> _WORK REQUEST_
What is wanted is every line below from the one with "Hem anat a l’escola" up to and including the one with "Другой опыт, проведенный", retyped exactly, pictures excluded, nothing else.

> _DATA SECTION_
━━━━━━
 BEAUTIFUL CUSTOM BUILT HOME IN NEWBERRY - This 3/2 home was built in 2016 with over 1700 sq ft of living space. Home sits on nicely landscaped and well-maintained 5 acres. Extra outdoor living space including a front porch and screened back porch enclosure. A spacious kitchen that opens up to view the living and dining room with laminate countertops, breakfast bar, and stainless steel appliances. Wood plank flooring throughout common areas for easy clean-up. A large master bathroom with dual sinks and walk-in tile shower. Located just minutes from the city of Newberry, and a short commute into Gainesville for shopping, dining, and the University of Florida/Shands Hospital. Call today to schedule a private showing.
━━━━━━
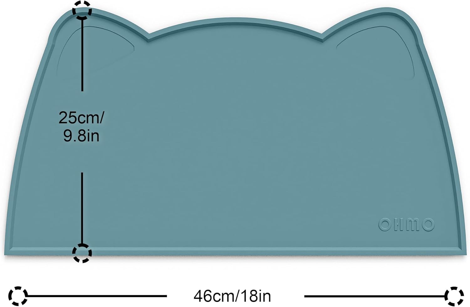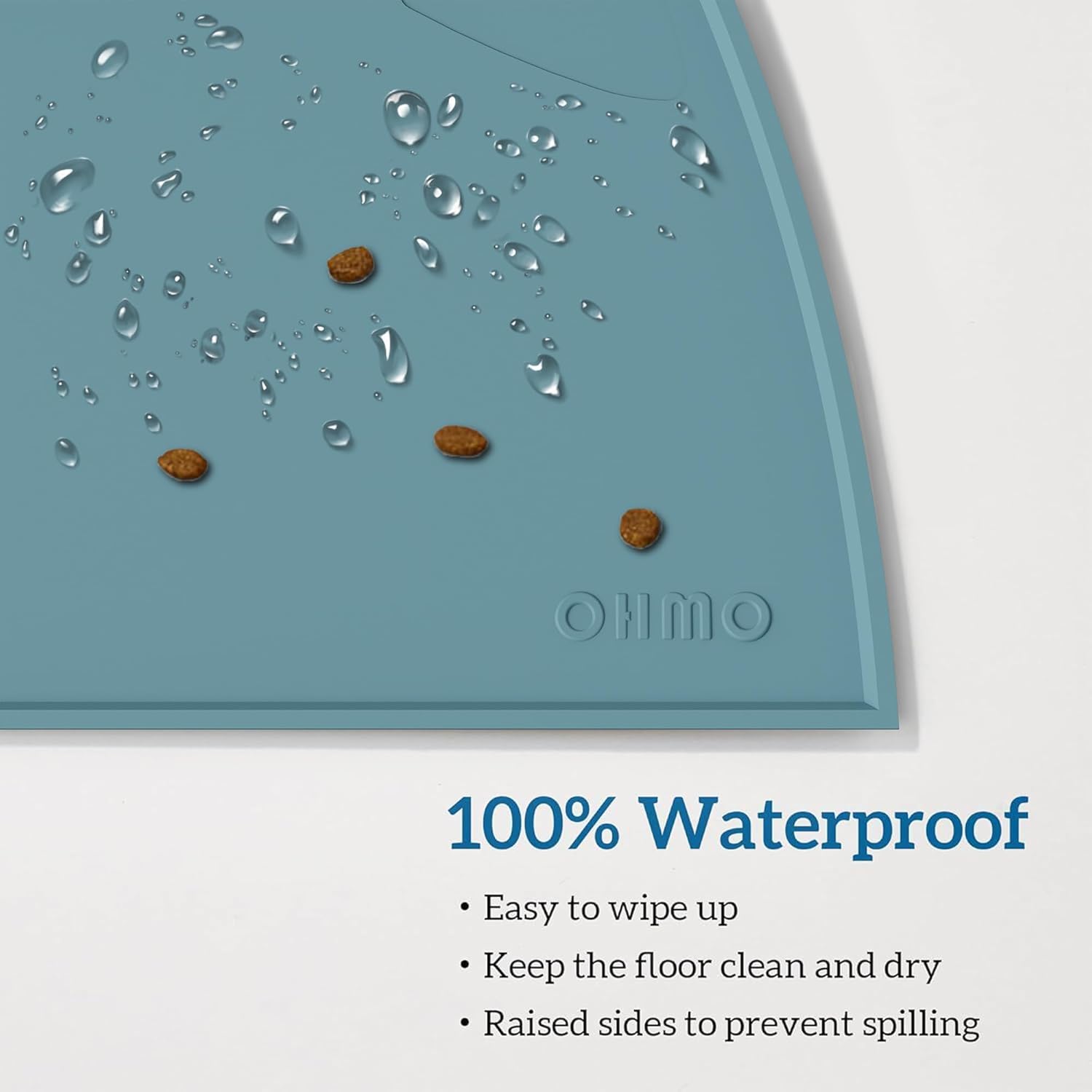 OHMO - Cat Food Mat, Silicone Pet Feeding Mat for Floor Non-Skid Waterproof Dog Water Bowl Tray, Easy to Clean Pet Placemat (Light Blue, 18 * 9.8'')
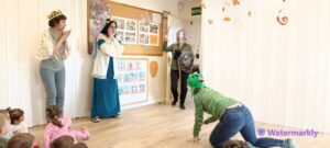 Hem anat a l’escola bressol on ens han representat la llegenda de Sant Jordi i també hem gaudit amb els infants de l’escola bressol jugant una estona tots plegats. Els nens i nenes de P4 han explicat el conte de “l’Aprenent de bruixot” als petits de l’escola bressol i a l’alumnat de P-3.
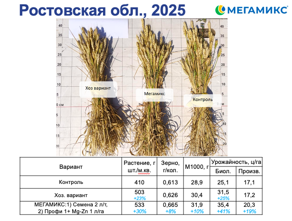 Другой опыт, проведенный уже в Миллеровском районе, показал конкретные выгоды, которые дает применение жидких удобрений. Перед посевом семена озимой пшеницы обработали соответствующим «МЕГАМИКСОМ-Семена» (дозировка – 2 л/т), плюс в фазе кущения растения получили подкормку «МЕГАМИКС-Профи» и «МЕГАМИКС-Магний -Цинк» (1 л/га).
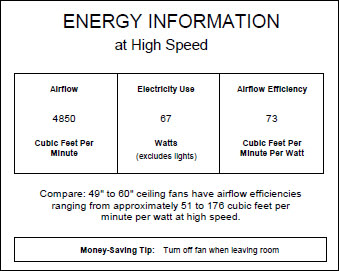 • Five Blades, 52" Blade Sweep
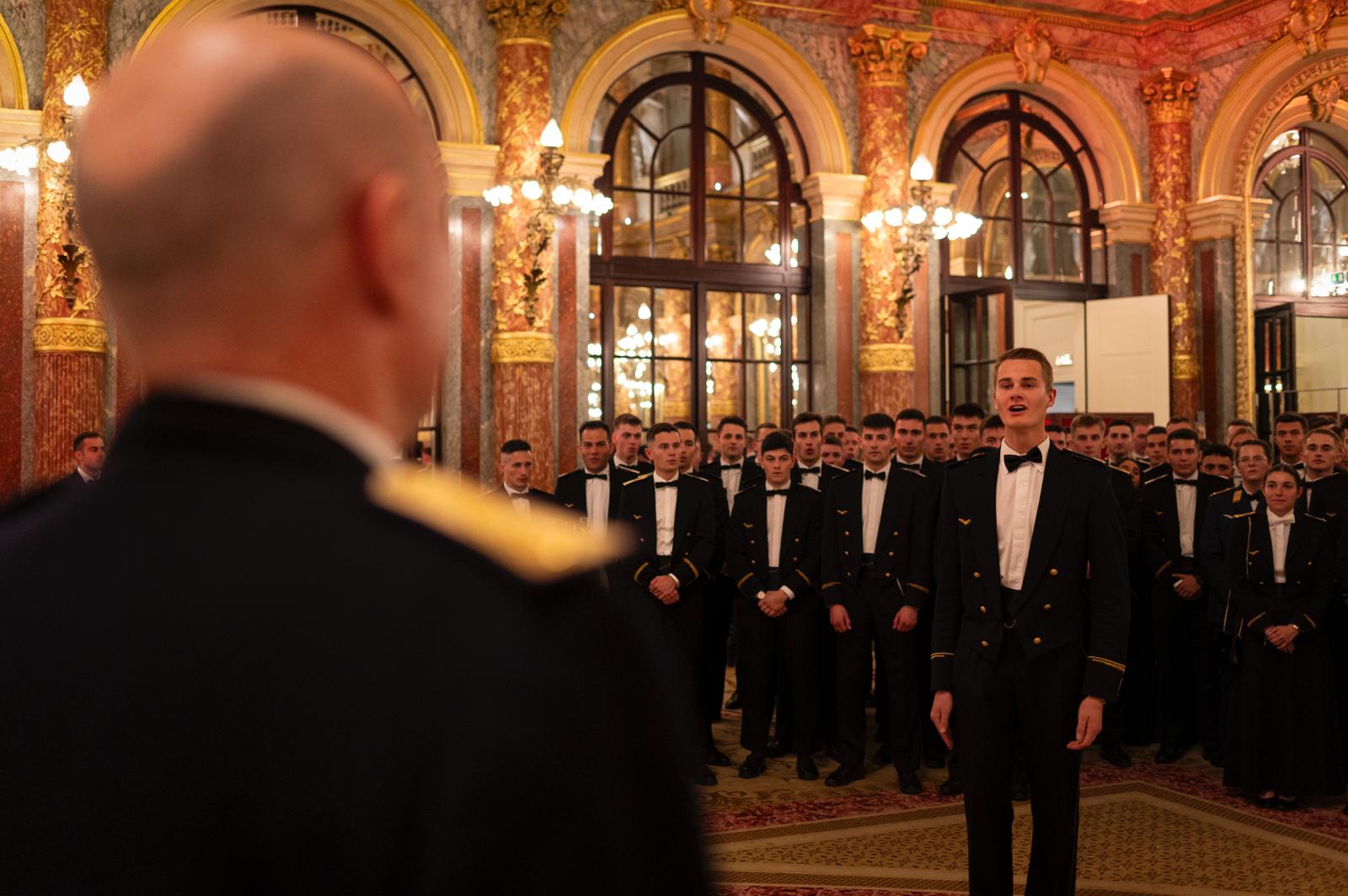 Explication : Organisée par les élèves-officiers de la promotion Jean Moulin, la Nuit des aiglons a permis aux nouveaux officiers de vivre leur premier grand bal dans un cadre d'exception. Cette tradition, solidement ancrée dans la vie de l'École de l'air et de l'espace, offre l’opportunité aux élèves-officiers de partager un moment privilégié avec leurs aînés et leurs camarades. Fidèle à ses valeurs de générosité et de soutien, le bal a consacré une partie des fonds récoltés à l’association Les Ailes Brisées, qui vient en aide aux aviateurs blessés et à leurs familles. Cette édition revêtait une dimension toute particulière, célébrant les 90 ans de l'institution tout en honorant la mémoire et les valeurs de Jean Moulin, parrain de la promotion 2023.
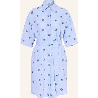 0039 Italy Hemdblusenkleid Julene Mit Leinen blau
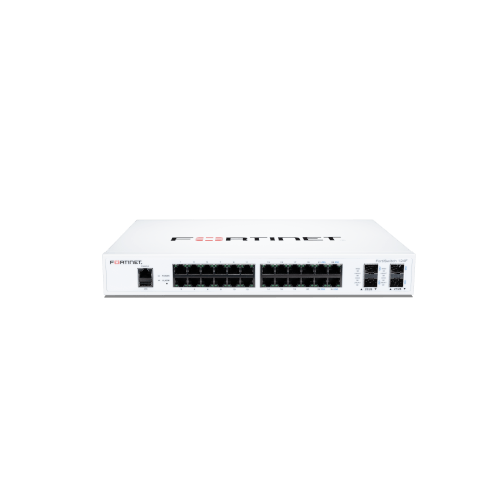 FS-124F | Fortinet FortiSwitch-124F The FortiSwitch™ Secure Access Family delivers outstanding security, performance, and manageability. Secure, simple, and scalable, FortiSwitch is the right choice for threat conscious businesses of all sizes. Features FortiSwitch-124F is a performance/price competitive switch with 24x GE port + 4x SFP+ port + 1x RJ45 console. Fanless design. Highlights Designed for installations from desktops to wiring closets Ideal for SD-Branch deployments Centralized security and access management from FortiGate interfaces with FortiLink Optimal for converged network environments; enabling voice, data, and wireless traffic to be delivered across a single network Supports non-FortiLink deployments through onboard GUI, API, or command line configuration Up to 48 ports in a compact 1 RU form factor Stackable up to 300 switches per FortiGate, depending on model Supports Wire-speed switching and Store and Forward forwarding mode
━━━━━━
> _EXPECTED ANSWER_
 Hem anat a l’escola bressol on ens han representat la llegenda de Sant Jordi i també hem gaudit amb els infants de l’escola bressol jugant una estona tots plegats. Els nens i nenes de P4 han explicat el conte de “l’Aprenent de bruixot” als petits de l’escola bressol i a l’alumnat de P-3.
 Другой опыт, проведенный уже в Миллеровском районе, показал конкретные выгоды, которые дает применение жидких удобрений. Перед посевом семена озимой пшеницы обработали соответствующим «МЕГАМИКСОМ-Семена» (дозировка – 2 л/т), плюс в фазе кущения растения получили подкормку «МЕГАМИКС-Профи» и «МЕГАМИКС-Магний -Цинк» (1 л/га).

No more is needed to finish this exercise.